For those that were diagnosed at an age where they both remember their friendships before and after diagnosis, teens can often realize how different they can be treated. We spoke to Klaire (16) about her experiences with friendships, as she was diagnosed only three years ago.
Do you feel like most of your friends understand your diabetes?
“I feel like my friends get the concept of diabetes. But, I don’t think they understand the severity of it. Like, when I leave the classroom to check my blood sugar they think that I am leaving to skip class. But what they do not understand is that I’m really going to check my blood sugar and get a juice box because I’m low. They don’t understand that if I don’t leave something bad can happen.”
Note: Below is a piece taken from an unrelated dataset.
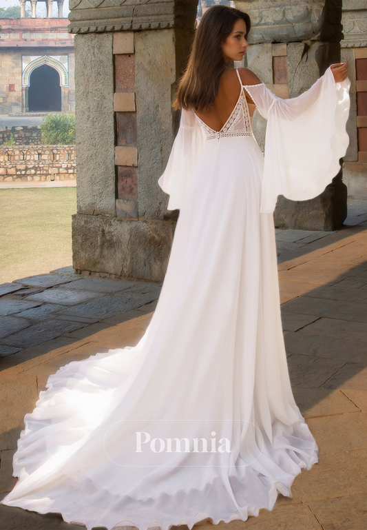 Elegant Long Sleeves V-Neck Corset Tulle Empire-Waist Backless Boho Wedding Dress

How do your friends demonstrate that they care about your diabetes?
“When I was first diagnosed my best friend helped a lot when I was low. She would do anything in her power to get me what I needed. But, now she sees it as a peeve of hers. When I’m low at school and I have run out of juice boxes and I need to borrow a dollar, she won’t give one to me (which is understandable) and she will tell me I am irresponsible. Then she will go to the vending machine and get something for her self and I can’t have anything. My friends used to care. But, now I feel like they think it’s old news and they are tired of it. I do always have juice on me, however, once in a blue moon I don’t and I turn into the most irresponsible person ever, so they say.”
When you were diagnosed did any of your friends shy away because of your diabetes? Did you lose any friends?
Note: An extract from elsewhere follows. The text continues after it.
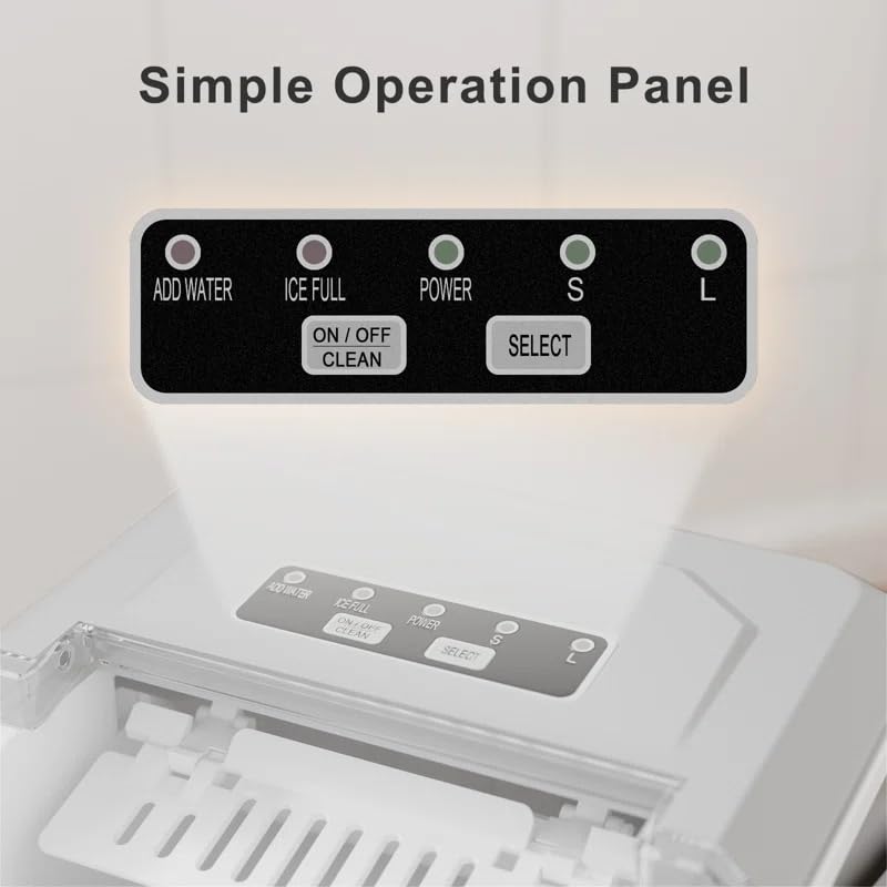 SIMPLE CONTROL PANEL: Enjoy fresh ice with 3 easy steps! Fill the reservoir, switch the unit on, then select small or large ice cubes. The ice maker features an indicator light to notify when water needs to be added or ice is full. Upgrade your home or office with an ice maker that is both fast and easy to use

“I didn’t particularly lose friends. At first I guess I gained some friends because they felt sorry for me, but then they ran off. I really have only one good close friend, she’s my best friend of 11 years and we don’t do anything without each other. She didn’t shy away but her parents where nervous to have me over at first.
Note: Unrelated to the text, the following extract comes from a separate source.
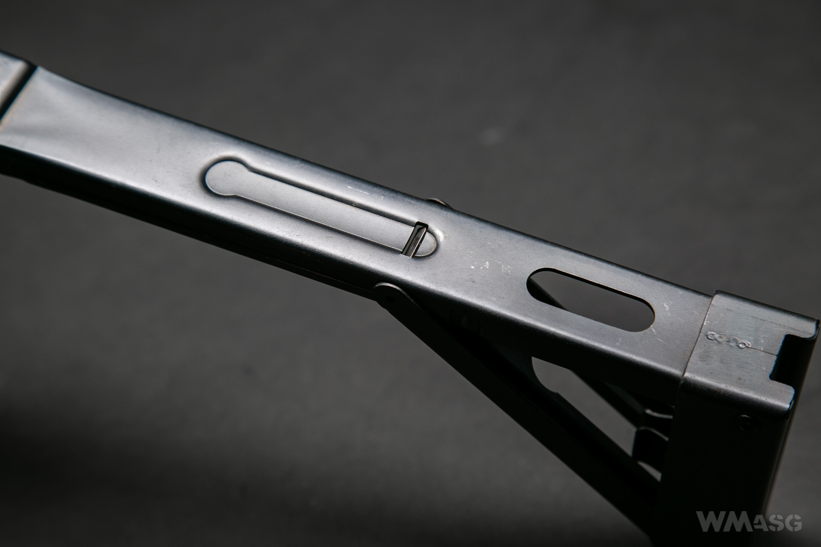 Replika niemal w całości wykonana jest z polimeru. Elementów metalowych jest zaledwie kilka: skrzydełka bezpiecznika i selektora, muszka i podstawa szczerbiny, mocowanie pasa i składana kolba. Cała reszta to wzmocniony włóknem twardy matowy polimer. Ku mojemu zdziwieniu z bliska wygląda naprawdę dobrze. Kolor i faktura zastosowanego tworzywa wyglądają "wiarygodnie". W zasadzie dopiero po wzięciu repliki do ręki orientujemy się, że pistolet nie jest metalowy. I to nie dlatego, że jest miękki czy wiotki. Chodzi wyłącznie o wyczuwalną fakturę i temperaturę.

How did you explain to your friends that you had diabetes?
“Usually when I explain to my friends that I have diabetes I take out my pump and I explain what it does. I also tell them how I need insulin to live. I go to a small school, so they know I have diabetes, but they all don’t understand what it is.”
When you meet new people (potential friends) do you tell them you have diabetes right away, wait for it to come in conversations or not tell them at all?
“My pump is always in a visible spot. I don’t usually bring it up unless we are about to eat and I don’t want to freak them out by just taking out my meter and checking my blood sugar. Usually people say, ‘Oh what’s that on the side of you? Is that a step counter?’ Then, that’s when I feel like I need to tell them about my diabetes.”
Do you feel like having diabetes limits your ability to hang out with your friends as often or participate in the same activities as them? If so, how?
“I don’t feel diabetes stops me from hanging out with my friends, but it does stop me from doing activities that they do while we hang out. Like, when they want to go swimming and I don’t really want to disconnect my pump for that long I feel left out. Or when my friend says, “hey, let’s go gets some ice cream and cupcakes.” That’s when I feel really left out. Whenever we go out and eat I always feel like the odd ball out of the group. I don’t order things with many carbs at all. I don’t like eating carbs because I hate what they do to me. I have an obsession with having a good A1c (5.6) and I don’t want it to be messed up by eating something stupid like cake. But, I will take a bite and when I take a bite people freak out and say things like, “OHHH NO, you can’t eat that can you?” I get very upset, because I feel like I have explained this whole situation eighteen million times and they still don’t get it. I’m at the point where I would rather stay home and do nothing then to go hang out with people because they are always judging my diabetes.